## DIRECTIONS
Below are records with pictures; copy word for word only the lines between the line with "Proposal Jan2009CALL NO." and the line with "Några fler bilder", inclusive, and drop the pictures.

## ENTRIES PROVIDED
Segment Open

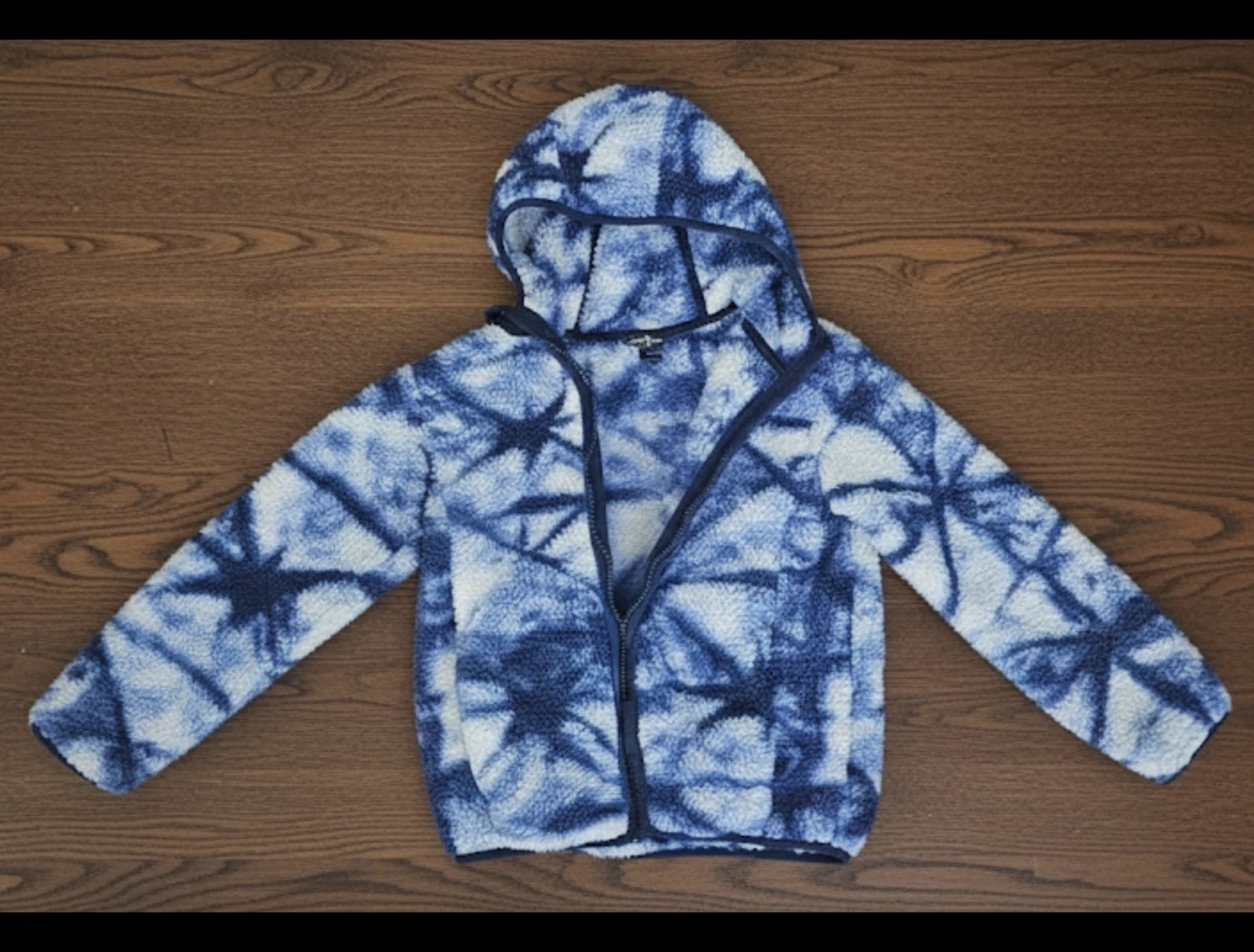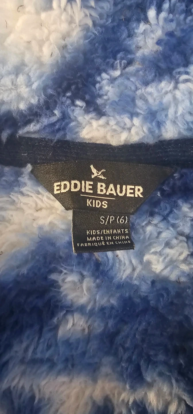 Keep your little one cozy with this adorable Eddie Bauer kids' fleece hoodie! The size is S/P (6), perfect for kids. It features a stylish blue and white tie-dye pattern. Great for layering or wearing on its own during cooler days
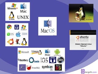 Sistem operasi adalah perangkat lunak yang mengelola sumber daya perangkat keras dan menjalankan aplikasi, termasuk komponen seperti kernel, driver, dan shell. Terdapat berbagai jenis sistem operasi, termasuk real time, single user, multi-user, dan multitasking, yang masing-masing memiliki fungsi dan karakteristik tertentu. Contoh sistem operasi meliputi Windows, Unix, Mac OS, dan Linux, masing-masing dengan kelebihan dan kekurangan yang berbeda.
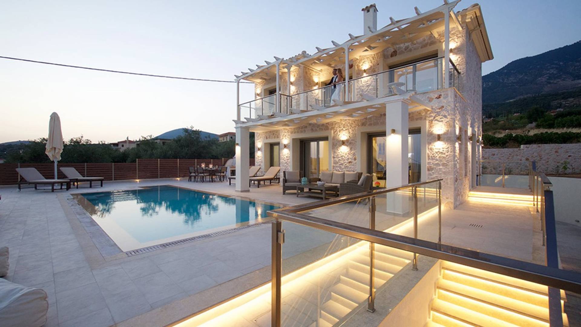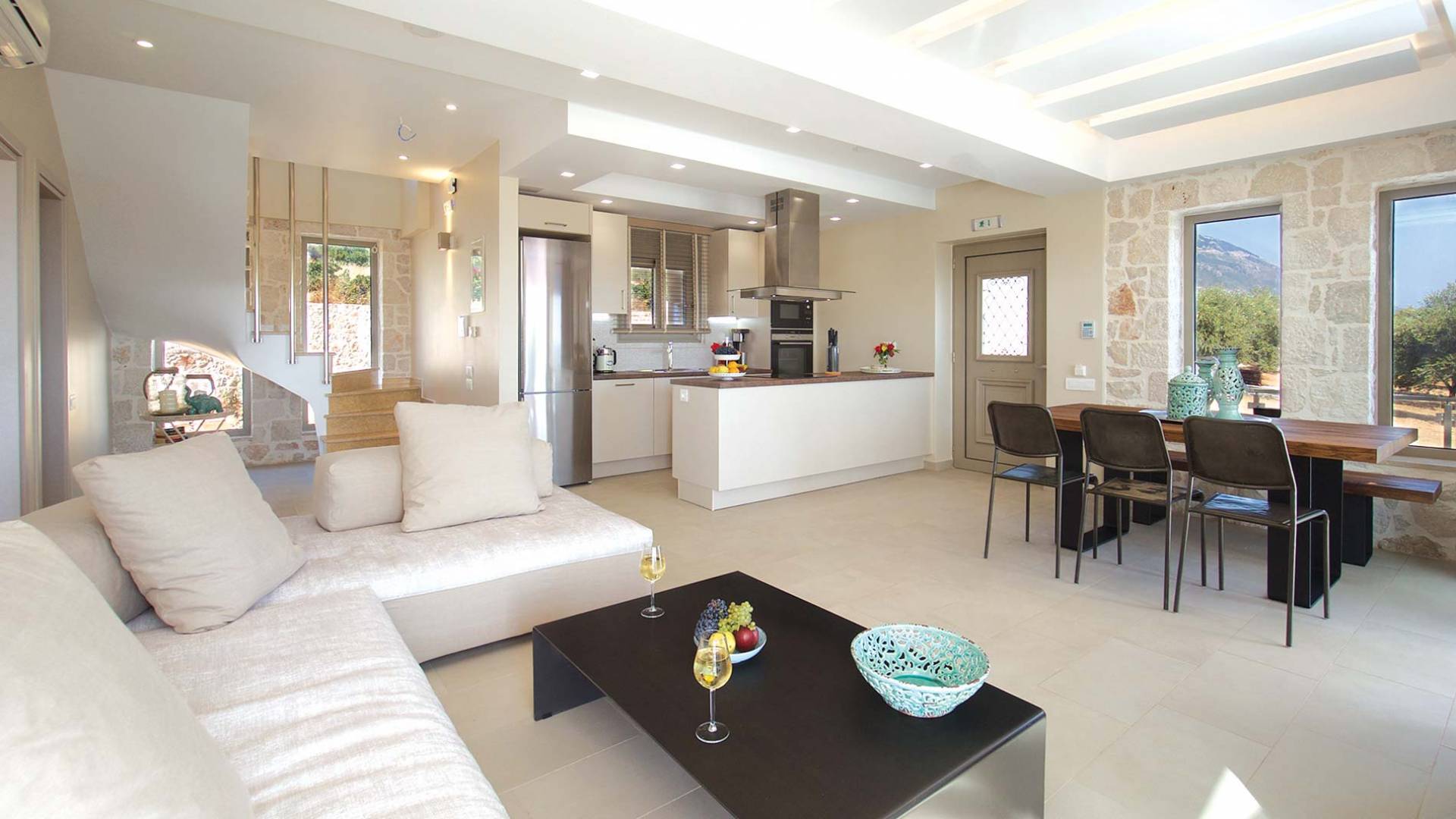 Villa Ion à Pangea Villas Kefalonia est une location de villa de luxe avec 3 chambres et une piscine privée. La magnifique Villa Ion est idéalement située loin des distractions et est conçue selon les normes les plus élevées de la vie moderne avec des commodités ultramodernes, des services d'accueil exceptionnels et des panoramas impressionnants sur les eaux cristallines de la baie de Trapezaki. Cette villa de trois chambres sur deux étages est une merveilleuse retraite avec une grande piscine privée, un espace extérieur isolé avec un barbecue et une terrasse ensoleillée entourée d'oliviers et de vignes luxuriantes et un parking privé. Les espaces extérieurs et les jardins accueillants, associés à l'intérieur élégant de la villa, exceptionnellement décorés avec des matériaux sélectionnés et des équipements de villégiature de luxe 5 étoiles, créent le cadre idéal pour des vacances inoubliables.
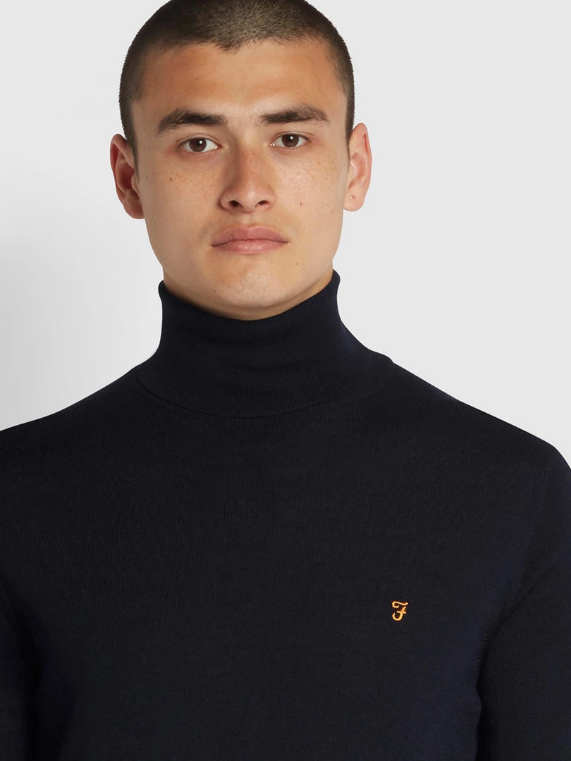 Farah Gosforth Merino Wool Roll Neck Jumper In True Navy
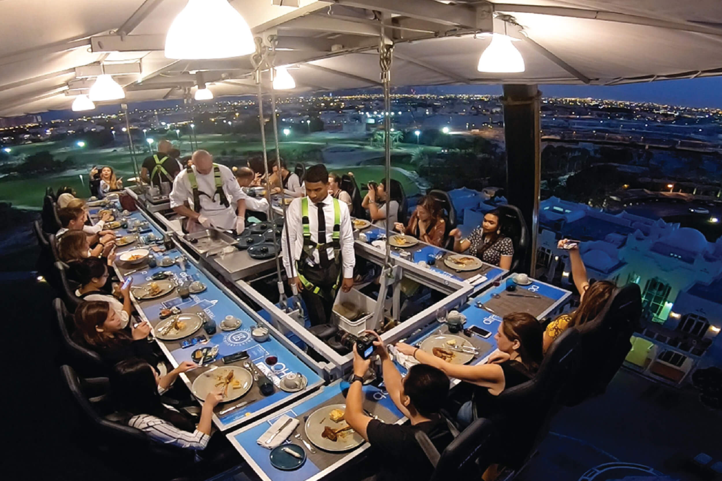 Sky-High Dining: A gourmet meal suspended 50m high with 360-degree views of Dubai’s iconic skyline.
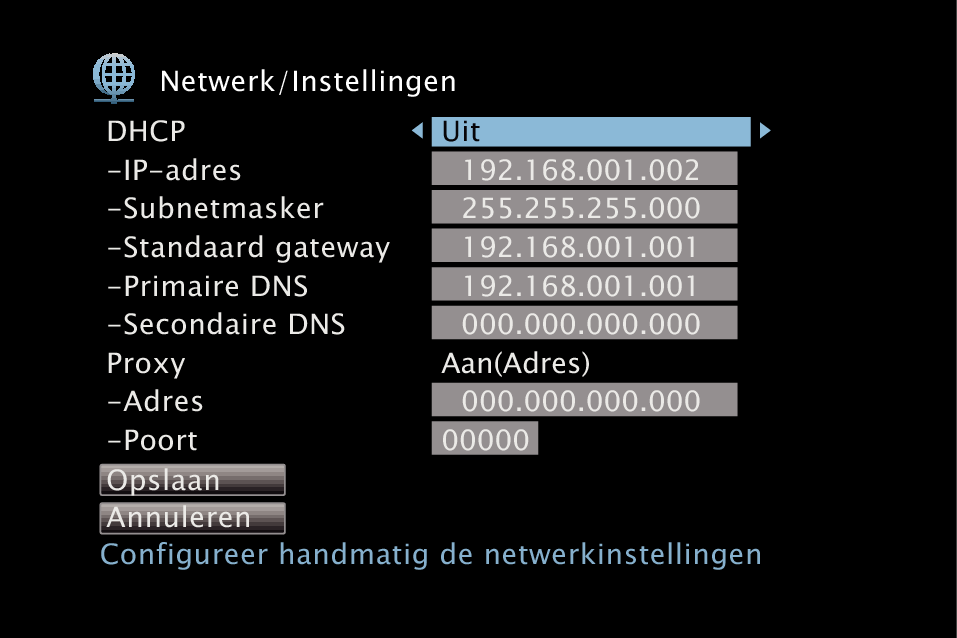 Configureer de netwerkinstellingen automatisch vanaf uw router. |
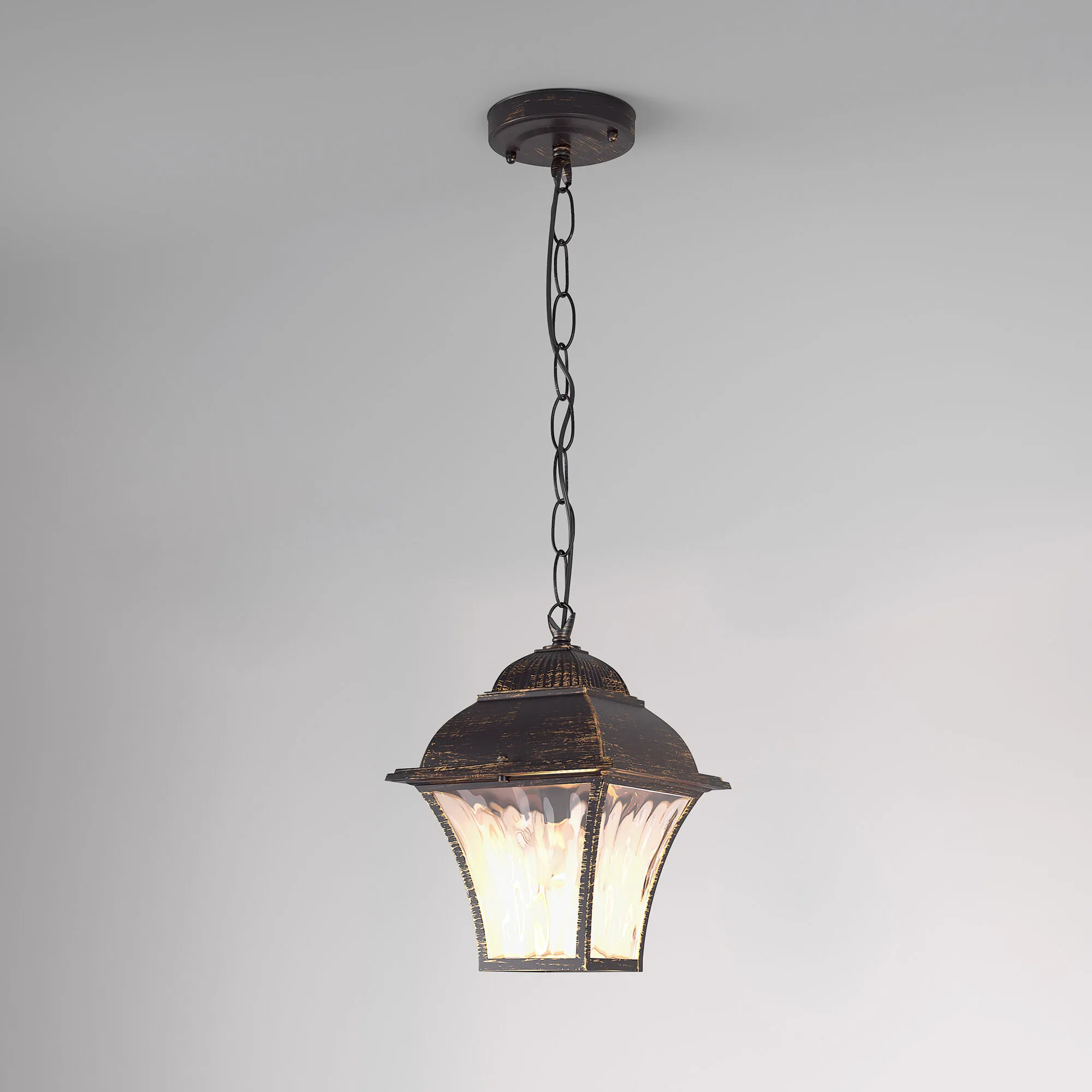 Уличный подвесной светильник Apus H черное золото IP33 предназначен для создания дополнительного освещения, а также декоративной подсветки снаружи помещений. Благодаря стеклянному плафону создает мягкое равномерное свечение.
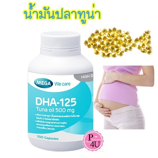 Mega We Care DHA - 125 Tuna Oil 500 Mg. ด้วยน้ำมันปลาทูน่า (100 แคปซูล)#1923
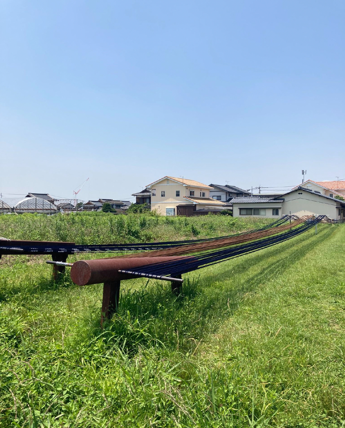 This installation for Paris Design Week 2022 was imagined with the textile designer Aki Watanuki. Inspired by the process of Japanese weaving called “kurumé-kasuri”, we transposed beautiful scenes from the daily landscape of Hirokawa to the Bibliothèque Historique de la Ville de Paris and composed three graphic and coloured panels on the traditional French front. To do this, a special cooperation was set up with several craftsmen of the kurumé-kasuri union, each of them giving various lengths of dyeing threads. While the kurumé-kasuri is today weakened by a globalized and standardized textile industry, this installation wishes to establish links between Hirokawa and Paris in order to imagine new futures for this singular and historic weaving.
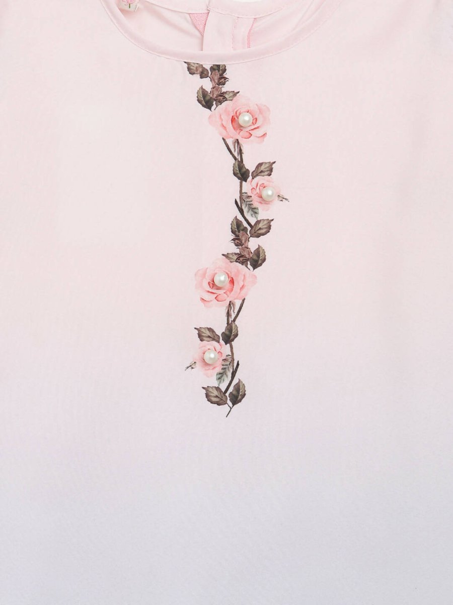 Pink is a fun colour, it's girly & cute for a little girl. The light weight pretty 3 piece outfit has pretty roses all over with tiny pearl buttons to add a bit of deatiling. Very comfortable for a full day outfit for the child.Wash In Cool Water, Use Mild Detergent, Do Not Bleach, reverse iron, wash dark colors seperately, do not soak.
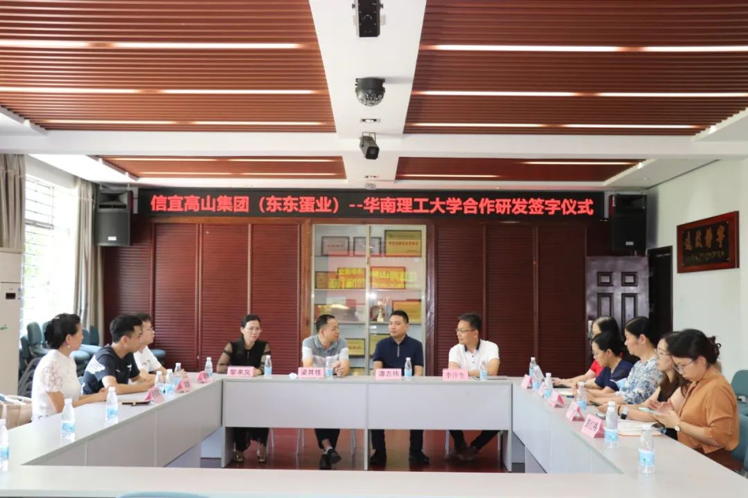 2022年9月3日上午,東東蛋業(yè)(廣東)有限公司與華南理工大學(xué)食品學(xué)院戰(zhàn)略合作簽約儀式在廣州舉行,高山集團(tuán)掌舵人梁其佳、東東蛋業(yè)總經(jīng)理黎來(lái)鳳和團(tuán)隊(duì)代表梁財(cái)權(quán)、梁鑫,華南理工大學(xué)食品科學(xué)與工程學(xué)院黨委書記譚志偉、碩士生導(dǎo)師李汴生教授及其創(chuàng)新團(tuán)隊(duì)代表參加了簽約儀式,召開技術(shù)座談會(huì),并決定成立華南理工大學(xué)食品學(xué)院(李汴生教授)信宜創(chuàng)新中心。
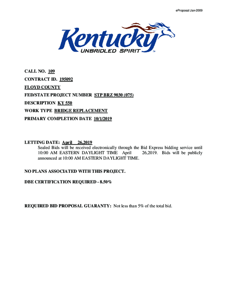 Proposal Jan2009CALL NO. 109 CONTRACT ID. 195092 FLOYD COUNTY FED/STATE PROJECT NUMBER STP BRZ 9030 (075) DESCRIPTION KY 550 WORK TYPE BRIDGE REPLACEMENT PRIMARY COMPLETION DATE 10/1/2019LETTING DATE:
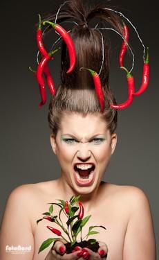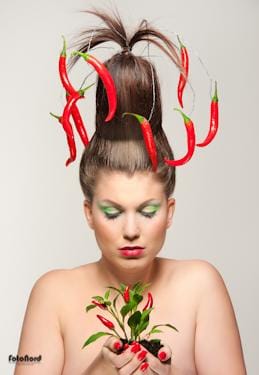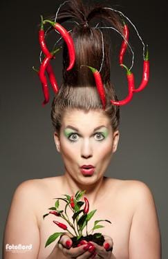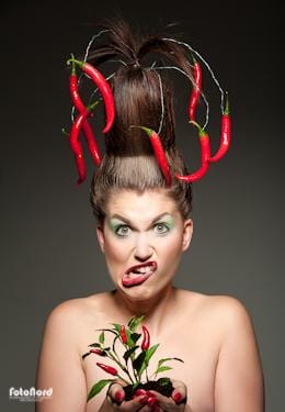 Några fler bilder från chili-sessionen. Jag ska kanske tillägga att det inte är nåt photoshoppat spektakel på huvudet. Flera trodde att “korv med bröd sessionen” med Pia var fusk, att det var en hatt. Hell no! Hårstylingen är helt och hållet gjord av Maria, med hjälp av flätor, skumgummi och ståltråd m.m. Jag har inte hjälpt till något alls med håret i efterhand.
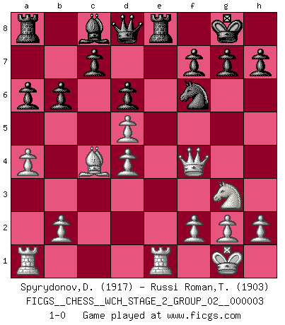 Last move : 1-0 2008 April 12 18:44:54 [Event "FICGS__CHESS__WCH_STAGE_2_GROUP_02__000003"] [Site "FICGS"] [Date "2008.01.17"] [Round "1"] [White "Spyrydonov,Dmitry"] [Black "Russi Roman,Tano-Urayoan"] [Result "1-0"] [WhiteElo "1917"] [BlackElo "1903"] 1.c4 e5 2.Nc3 Bb4 3.Nd5 Bc5 4.e3 Nf6 5.d4 Nxd5 6.cxd5 exd4 7.exd4 Bb4+ 8.Bd2 Bxd2+ 9.Qxd2 O-O 10.Bc4 d6 11.Ne2 Nd7 12.O-O Nf6 13.Rfe1 a6 14.a4 b6 15.Ng3 Re8 16.Qf4 1-0 English, Kramnik-Shirov counterattack Kingside Castling by player Black (move 9) Kingside Castling by player White (move 12) Player White won this chess game. Follow this game move after move (download)Look at Garry Kasparov. After he loses, invariably he wins the next game. He just kills the next guy. That's something that we have to learn to be able to do. (Maurice Ashley) Du weisst es gibt ein Problem mit Computern und Fernschach, wenn jeder eine Rating von 2450 hat. (John Christen Knudsen) Aquel que teme a un Peón de Reina aislado, debería de retirarse del Ajedrez. (Siegbert Tarrasch) Mais l'homme est une créature légère et illogique : semblable au joueur d'échecs, il n'aime que le processus du but à atteindre, non le but lui-même. (Dostoïevsky) Hold em is to stud what chess is to checkers. (Johnny Moss)

Segment Closed

## SOLUTION
 Proposal Jan2009CALL NO. 109 CONTRACT ID. 195092 FLOYD COUNTY FED/STATE PROJECT NUMBER STP BRZ 9030 (075) DESCRIPTION KY 550 WORK TYPE BRIDGE REPLACEMENT PRIMARY COMPLETION DATE 10/1/2019LETTING DATE:
 Några fler bilder från chili-sessionen. Jag ska kanske tillägga att det inte är nåt photoshoppat spektakel på huvudet. Flera trodde att “korv med bröd sessionen” med Pia var fusk, att det var en hatt. Hell no! Hårstylingen är helt och hållet gjord av Maria, med hjälp av flätor, skumgummi och ståltråd m.m. Jag har inte hjälpt till något alls med håret i efterhand.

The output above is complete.